Recorded data
Content starts
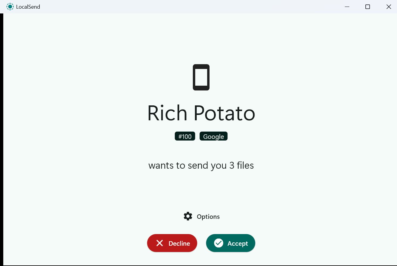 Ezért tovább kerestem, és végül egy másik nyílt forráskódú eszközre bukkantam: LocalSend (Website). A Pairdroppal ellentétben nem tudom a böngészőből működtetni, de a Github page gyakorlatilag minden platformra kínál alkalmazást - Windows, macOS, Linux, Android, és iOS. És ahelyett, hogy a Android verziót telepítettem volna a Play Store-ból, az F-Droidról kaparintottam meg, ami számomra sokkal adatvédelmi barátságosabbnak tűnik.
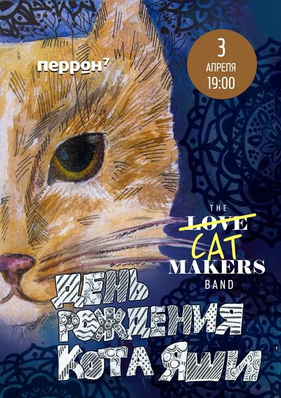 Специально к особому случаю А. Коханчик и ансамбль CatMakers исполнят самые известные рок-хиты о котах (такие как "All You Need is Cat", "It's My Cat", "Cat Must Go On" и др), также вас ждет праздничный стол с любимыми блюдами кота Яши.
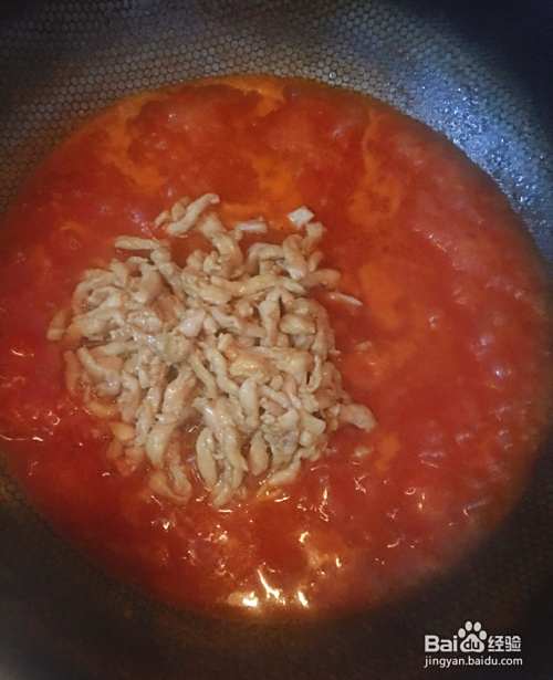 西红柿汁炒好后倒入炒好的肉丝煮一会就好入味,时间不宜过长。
Content ends
Problem details
Leaving out the pictures, restate the listing above exactly.

Result of the task
 Ezért tovább kerestem, és végül egy másik nyílt forráskódú eszközre bukkantam: LocalSend (Website). A Pairdroppal ellentétben nem tudom a böngészőből működtetni, de a Github page gyakorlatilag minden platformra kínál alkalmazást - Windows, macOS, Linux, Android, és iOS. És ahelyett, hogy a Android verziót telepítettem volna a Play Store-ból, az F-Droidról kaparintottam meg, ami számomra sokkal adatvédelmi barátságosabbnak tűnik.
 Специально к особому случаю А. Коханчик и ансамбль CatMakers исполнят самые известные рок-хиты о котах (такие как "All You Need is Cat", "It's My Cat", "Cat Must Go On" и др), также вас ждет праздничный стол с любимыми блюдами кота Яши.
 西红柿汁炒好后倒入炒好的肉丝煮一会就好入味,时间不宜过长。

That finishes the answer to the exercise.